L’insegnamento delle lingue classiche è da tempo argomento molto
controverso, tanto da diventare nel corso degli anni un fenomeno che
ciclicamente si ripresenta sotto forme e punti di vista differenti.
Uno dei dibattiti più accesi riguarda, in particolare, l’insegnamento del
latino al liceo scientifico, dove, considerato l’alone di desuetudine che
accompagna la lingua e l’ambiguità del nome dell’indirizzo, non sorprende
che la polemica abbia trovato terreno fertile.

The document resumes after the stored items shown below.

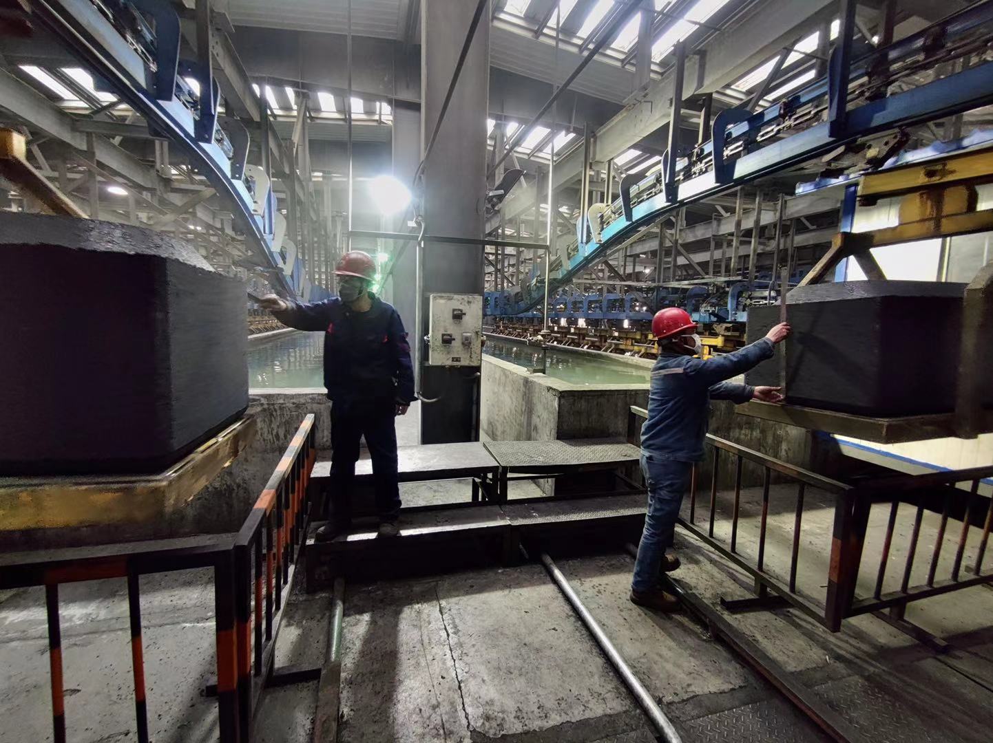 陽(yáng)極分公司成型車間由兩條生產(chǎn)線組成,設(shè)計(jì)雙線滿負(fù)荷年產(chǎn)能30萬(wàn)噸,前期在滿足計(jì)劃產(chǎn)量的情況下,一直處于單線交替運(yùn)行狀態(tài),但隨著焙燒車間第四火焰系統(tǒng)及煅燒車間罐式爐相繼點(diǎn)火啟動(dòng),一條線的生陽(yáng)極產(chǎn)量已無(wú)法滿足供應(yīng)需求,作為陽(yáng)極分公司生產(chǎn)過(guò)程中的核心環(huán)節(jié),成型車間雙線啟動(dòng)勢(shì)在必行。11月10日上午10時(shí)30分,經(jīng)過(guò)前期精心準(zhǔn)備,成型車間在確保1#生產(chǎn)線平穩(wěn)運(yùn)行的情況下正式啟動(dòng)2#配料線,全面實(shí)現(xiàn)雙線同時(shí)生產(chǎn)運(yùn)行。 啟動(dòng)前期,成型車間通過(guò)合理優(yōu)化人員結(jié)構(gòu),完善細(xì)化設(shè)備檢修,多次組織召開安全生產(chǎn)工藝培訓(xùn),同時(shí)克服了人員短缺、新調(diào)入員工年齡偏大、操作技能生疏等諸多困難;分公司領(lǐng)導(dǎo)、相關(guān)部門及車間生產(chǎn)管理、技術(shù)人員多次進(jìn)行現(xiàn)場(chǎng)研討,對(duì)中碎系統(tǒng)供料、熱媒溫度、配料配方等問(wèn)題協(xié)商討論,并逐項(xiàng)進(jìn)行生產(chǎn)線實(shí)操檢驗(yàn)消缺,確保雙線順利啟動(dòng)。啟動(dòng)過(guò)程中,作業(yè)人員嚴(yán)格按照安全操作規(guī)程、啟動(dòng)方案要求,從配料混捏到壓模成型一氣呵成,11時(shí)40分,隨著2#線第一組生陽(yáng)極塊順利下線,標(biāo)志著成型雙線啟動(dòng)全面完成。雙線啟動(dòng)生產(chǎn)對(duì)現(xiàn)場(chǎng)安全生產(chǎn)管理、設(shè)備高效滿負(fù)荷運(yùn)轉(zhuǎn)提出更高的要求,后期車間將組織車間骨干、技術(shù)人員進(jìn)行不間斷巡視檢查,實(shí)時(shí)監(jiān)測(cè)產(chǎn)品質(zhì)量,根據(jù)質(zhì)量信息反饋,對(duì)標(biāo)配料配方、工藝溫度等參數(shù)及時(shí)做出調(diào)整,保證兩條生產(chǎn)線安全、持續(xù)、平穩(wěn)運(yùn)行的同時(shí)最大程度提高生陽(yáng)極合格率。 陽(yáng)極分公司成型車間雙線同時(shí)啟動(dòng)生產(chǎn),生陽(yáng)極單日產(chǎn)量從500余塊增加至1000余塊,完全滿足焙燒車間四個(gè)火焰系統(tǒng)裝爐需求,對(duì)陽(yáng)極分公司生產(chǎn)工藝鏈閉合起到了鞏固作用,為分公司全面達(dá)產(chǎn)達(dá)標(biāo)奠定了堅(jiān)實(shí)基礎(chǔ)。 |
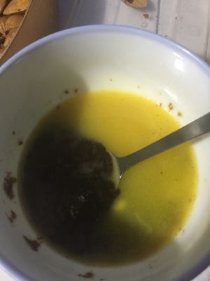 红糖把大块捻碎,黄油和红糖微波炉打半分钟,变成油状,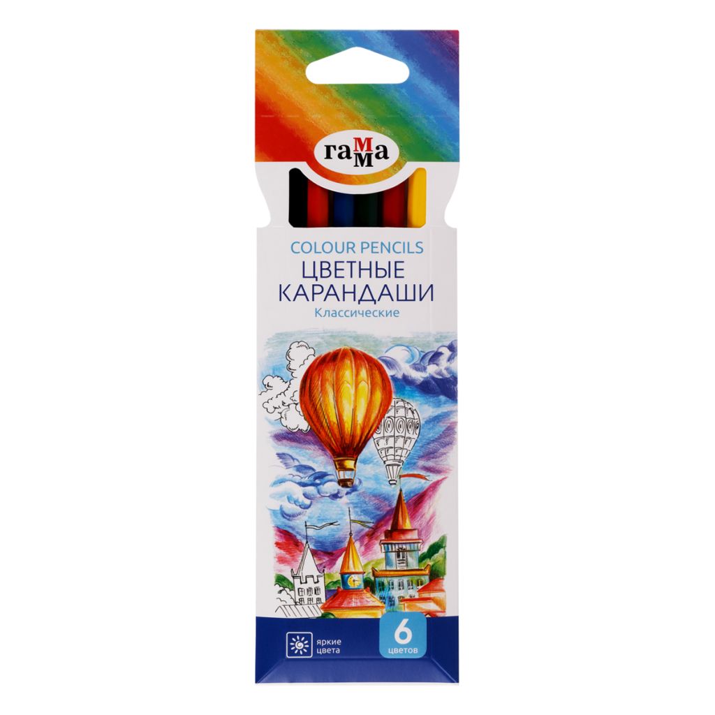 Цветные карандаши ГАММА серии «Классическая» созданы специально для детей, которые уже чувствуют себя настоящими художниками. В наборе 6 цветов: желтый, оранжевый, красный, синий, зеленый, черный. Диаметр грифеля — 2,9 мм. Проклеенный ударопрочный грифель не крошится во время заточки и не ломается даже после падения. Корпус карандаша диаметром 7 мм и длиной 174 мм изготовлен из мягкой натуральной древесины и его легко точить. За яркость и высокую укрывистость отвечают качественные пигменты в составе. Ребенку не придется сильно давить на карандаш — рисунок получится ярким и равномерно закрашенным.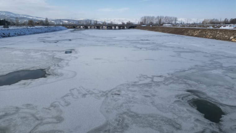 Tarihi Eğri Köprü civarındaki bölümünde nehrin yüzeyi tamamen donarken, Kesik Köprü civarında ise akışın olduğu ancak buz kütlelerinin oluştuğu görüldü. Buz tutan nehir dronla görüntülendi.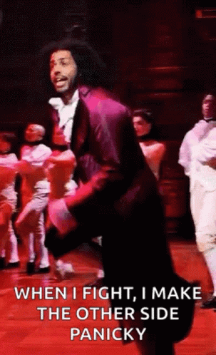 A performer in a vibrant purple suit dances on stage, declaring, 'When I fight, I make the other side panicky.'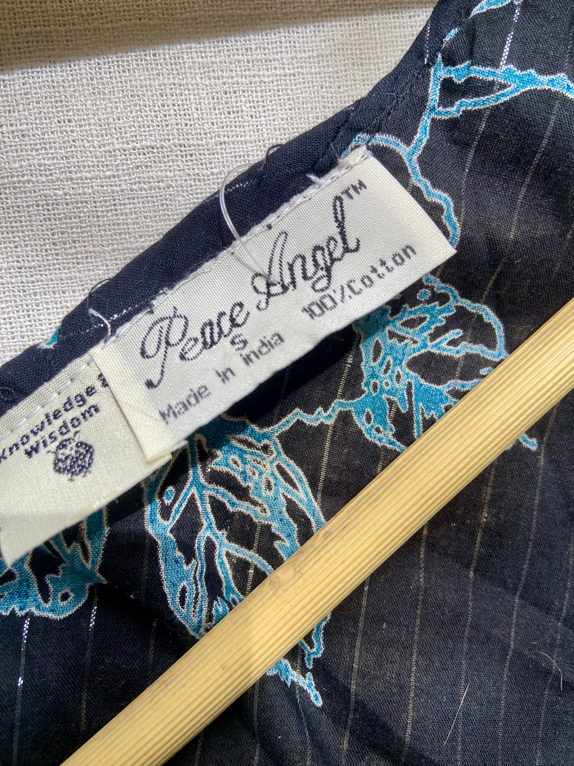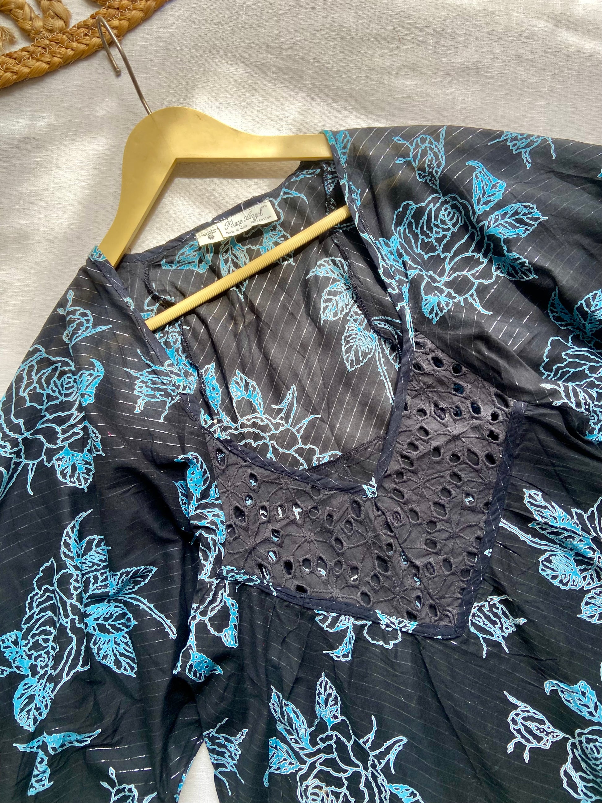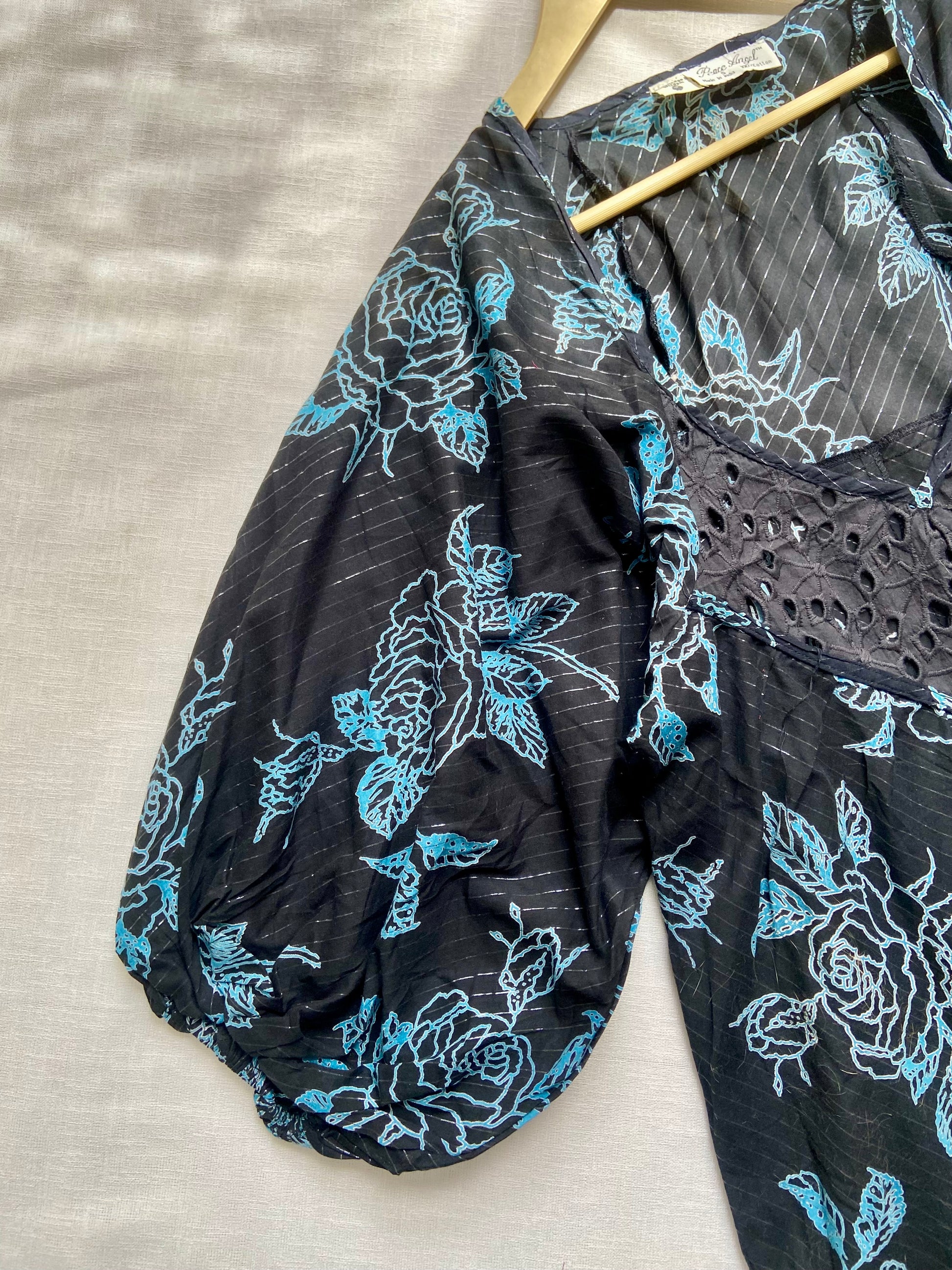 This Black Floral Lurex Beach Dress by Peace Angel features a deep V-neck and 3/4 puff sleeves, crafted from breathable cotton fabric for comfort. The blue floral print adds a vibrant contrast to the black base, while the A-line mini silhouette flatters your figure effortlessly. Ideal for summer outings, it pairs perfectly with sandals or wedges for a chic, relaxed look. Available in size S.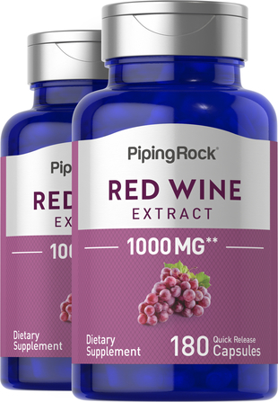 Now you can get all of the benefits of a glass of wine without the alcohol. The wine produced from red grapes is a strong source of polyphenolic compounds, most notably Resveratrol. Our concentrated supplement delivers 1,000 mg of Red Wine Extract in quick-release capsules, making it the perfect addition to any nutrition plan. Get exceptional quality guaranteed at the best value with our 180-capsule supply!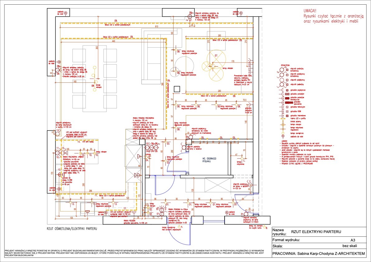 – projekt elektryki na rzutach (usytuowanie punktów świetlnych na ścianach i sufitach, oraz rozplanowania gniazdek elektrycznych)w skali 1:50;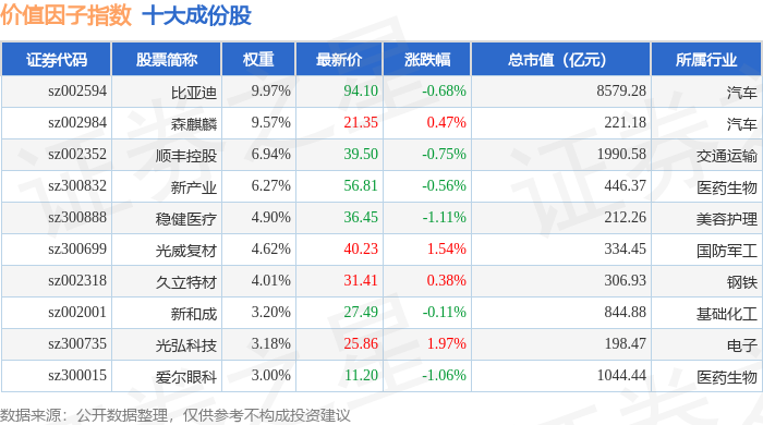 价值因子(980056)指数十大成份股详情如下: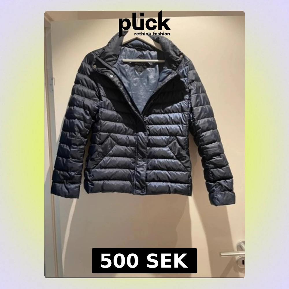 Snygg mörkblå pufferjacka från GANT i storlek small. Jackan har horisontella quiltade sektioner, hög krage och dragkedja framtill. Tillverkad i polyester, perfekt för kyliga dagar. Enkel och stilren design som funkar till många olika looks.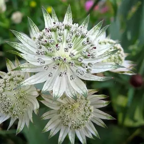 复伞形花序顶生或腋生,通常无梗或少有短梗,无总苞片和小总苞片;伞辐2-3(-5),长1-2厘米,无毛;小伞形花序有花5-23,花柄不等长;无萼齿;花瓣白色、绿白色或略带粉红色,卵圆形,长约0.8毫米,宽0.6毫米,顶端内折,有中脉1条;花丝短于花瓣,很少与花瓣同长,花药近圆形,长约0.1毫米;花柱基扁压,花柱极短。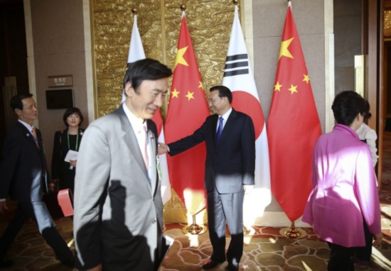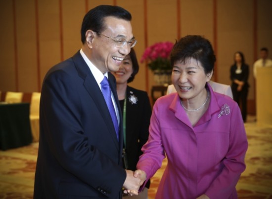韓國總統(tǒng)樸槿惠對李克強總理表示:"韓中日三國合作有利于地區(qū)和平穩(wěn)定。要引導(dǎo)日本抱著正確的歷史觀,為東北亞和平做出貢獻(xiàn)。"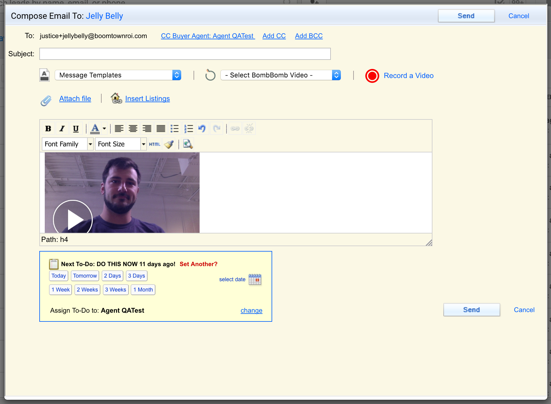 - Have BombBomb? Record a video, and start sending them for new lead intros! Don’t have BombBomb? Learn more about their product at BombBomb.com and if you’re ready for a free trial with custom conversion content and scripts use this link for BoomTown users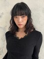 ミディアムのウェーブパーマ。重めシルエットなのに動きがあってふんわりにも見えます。ムースのみのスタイリングで簡単にセットできるのでおすすめです☆

A duello si sfidano solitamente i difensori della greco-romanità, che
strenuamente combattono in difesa della cultura classica, ed i tecnocrati,
pronti a dare degna sepoltura alla lingua morta in nome del progresso. Gli
alfieri dei due schieramenti sono solitamente rappresentati dal classicista
sciorinatore di locuzioni latine alternate a clichè quali “il latino apre la
mente” da una parte, e dalla figura del crociato delle scienze esatte che,
distillando a gocce le contaminazioni umanistiche come scorie radioattive,
cerca di preservare l’incorruttibile dicotomia dello scibile dall’altra.
Entrambi sono soliti prendere degli abbagli, fondando i propri argomenti
su presupposti arbitrari, omissioni o fallacie logiche.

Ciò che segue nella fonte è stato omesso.